Rejections in the ultimatum game have been shown to be caused by adverse physiologic reactions to stingy offers. In a brain imaging experiment by Sanfey et al., stingy offers (relative to fair and hyperfair offers) differentially activated several brain areas, especially the anterior insular cortex, a region associated with visceral disgust. If Player 1 in the ultimatum game anticipates this response to a stingy offer, they may be more generous.

An increase in rational decisions in the game has been found among experienced Buddhist meditators. fMRI data show that meditators recruit the posterior insular cortex (associated with interoception) during unfair offers and show reduced activity in the anterior insular cortex compared to controls.

People whose serotonin levels have been artificially lowered will reject unfair offers more often than players with normal serotonin levels.

This is true whether the players are on placebo or are infused with a hormone that makes them more generous in the ultimatum game.

People who have ventromedial frontal cortex lesions were found to be more likely to reject unfair offers. This was suggested to be due to the abstractness and delay of the reward, rather than an increased emotional response to the unfairness of the offer.

Evolutionary game theory

Other authors have used evolutionary game theory to explain behavior in the ultimatum game. Simple evolutionary models, e.g. the replicator dynamics, cannot account for the evolution of fair proposals or for rejections. These authors have attempted to provide increasingly complex models to explain fair behavior.

Sociological applications

The ultimatum game is important from a sociological perspective, because it illustrates the human unwillingness to accept injustice. The tendency to refuse small offers may also be seen as relevant to the concept of honour.

The extent to which people are willing to tolerate different distributions of the reward from "cooperative" ventures results in inequality that is, measurably, exponential across the strata of management within large corporations. See also: Inequity aversion within companies.

Some see the implications of the ultimatum game as profoundly relevant to the relationship between society and the free market, with Prof. P.J. Hill, (Wheaton College (Illinois)) saying:
I see the [ultimatum] game as simply providing counter evidence to the general presumption that participation in a market economy (capitalism) makes a person more selfish.
History

The first ultimatum game was developed in 1982 as a stylized representation of negotiation, by Güth, Schmittberger, and Schwarze. It has since become a popular economic experiment, and was said to be "quickly catching up with the Prisoner's Dilemma as a prime showpiece of apparently irrational behavior" in a paper by Martin Nowak, Karen M. Page, and Karl Sigmund.

Variants

In the "competitive ultimatum game" there are many proposers and the responder can accept at most one of their offers: With more than three (naïve) proposers the responder is usually offered almost the entire endowment (which would be the Nash Equilibrium assuming no collusion among proposers).

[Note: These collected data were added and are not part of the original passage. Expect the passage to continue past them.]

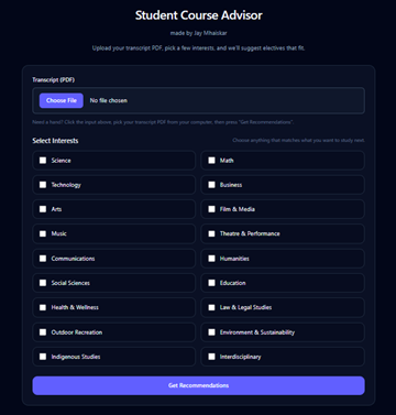 The goal of this project was to create a tool that helps students navigate elective selection with more clarity and less frustration. The system takes the student’s unofficial transcript in PDF format as the input and extracts the course code, course name and letter grade. I chose to use the unofficial transcript because it avoids student data concerns. It doesn’t include a name or student ID, it’s free, and it can be downloaded online without restrictions. I also don’t store any processed information in a database. Working this way helps me avoid ethical issues since the transcript contains no identifiers and none of the processed data is collected. The bot also asks students to enter their areas of interest, which helps narrow down the suggestions to courses they are more likely to enjoy. The prototype currently runs through a terminal environment with a Python FastAPI backend and a React native frontend to deliver a clean user interface where students can upload transcripts, enter interests, and receive a structured list of eligible electives.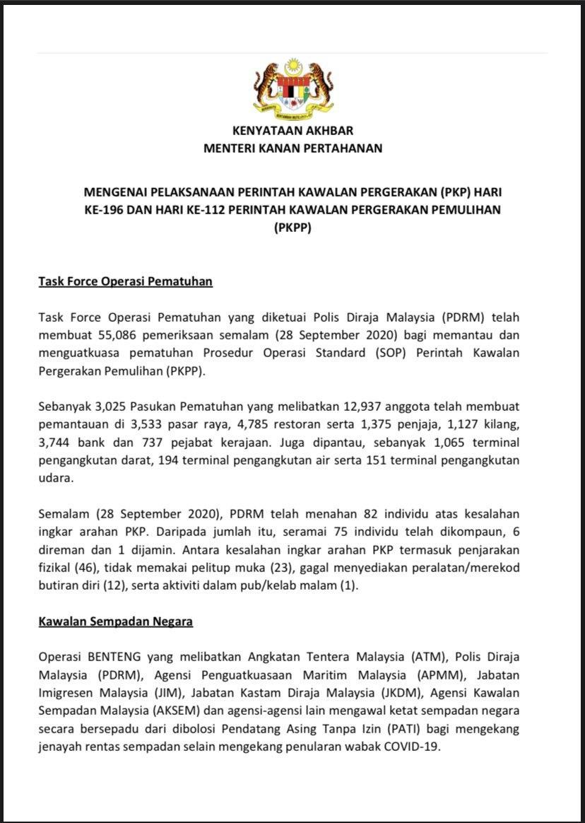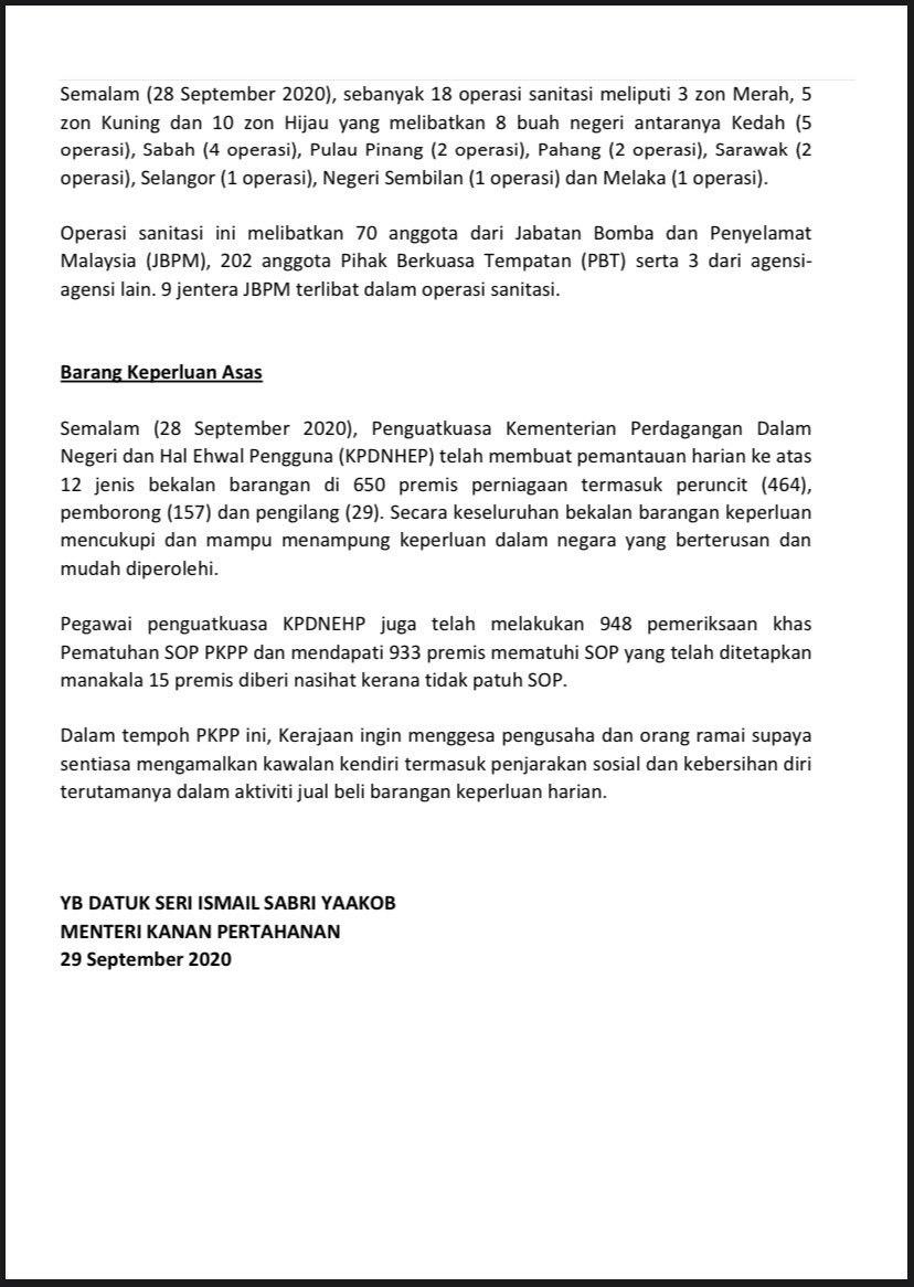 Kenyataan Akhbar Menteri Kanan Pertahanan 29/09/2020 0200 PM Aiman Siaran Media 29 September 2020 Hits: 870 Rating: ( 0 Rating ) Please Rate Vote 1 Vote 2 Vote 3 Vote 4 Vote 5 /bencana2/images/ndcc/documents/covid19/siaranmedia202009/SIARAN_MEDIA_KKM_20200929_06.pdf Facebook Twitter Prev Next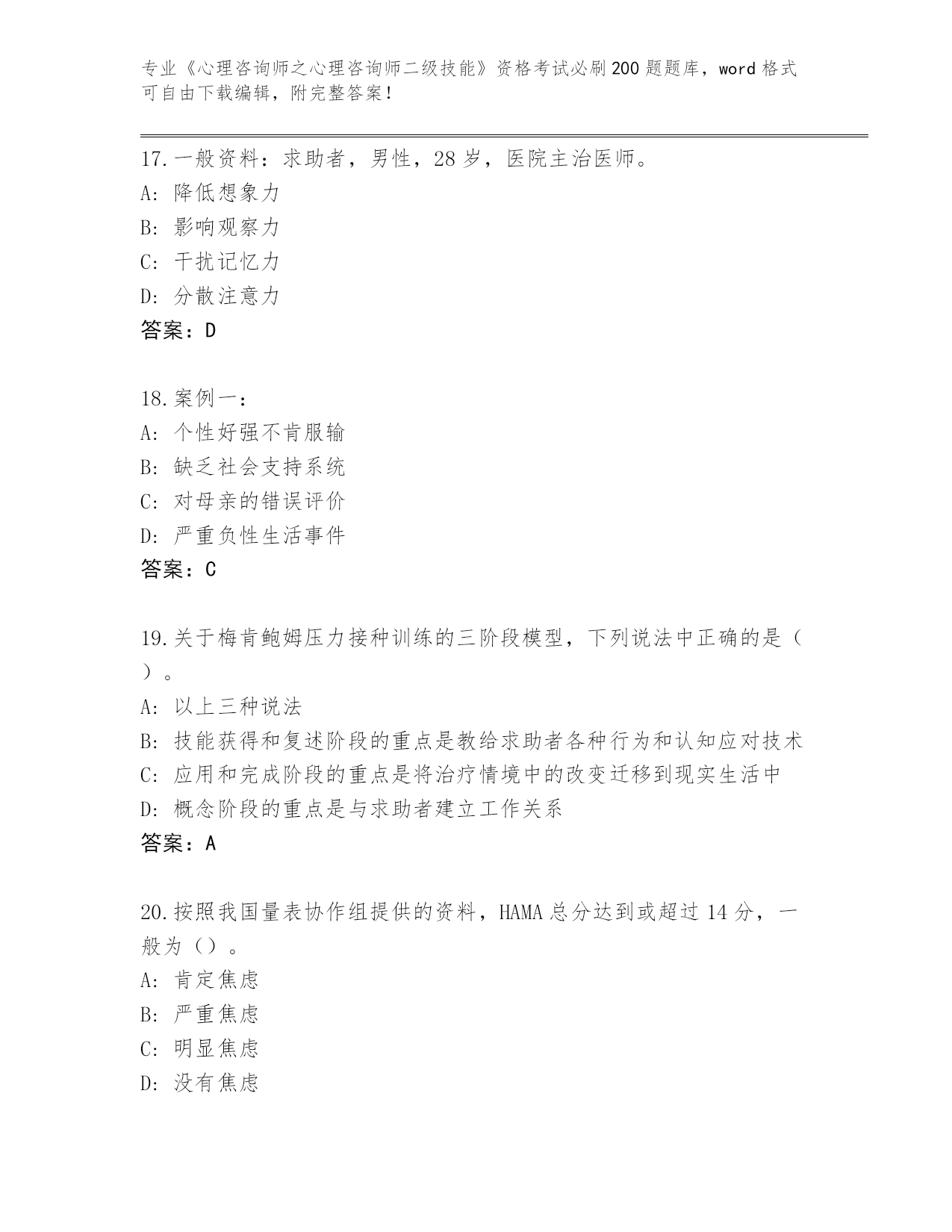 北京市延庆区2024《心理咨询师之心理咨询师二级技能》资格考试必背200题王牌题库(培优)

In the "ultimatum game with tipping", a tip is allowed from responder back to proposer, a feature of the trust game, and net splits tend to be more equitable.

The "reverse ultimatum game" gives more power to the responder by giving the proposer the right to offer as many divisions of the endowment as they like. Now the game only ends when the responder accepts an offer or abandons the game, and therefore the proposer tends to receive slightly less than half of the initial endowment.

Robert Aumann's Blackmailer Paradox appears to be a repeated game in which the ultimatum game is played many times by the same players for high stakes.

The pirate game illustrates a variant with more than two participants with voting power, as illustrated in Ian Stewart's "A Puzzle for Pirates".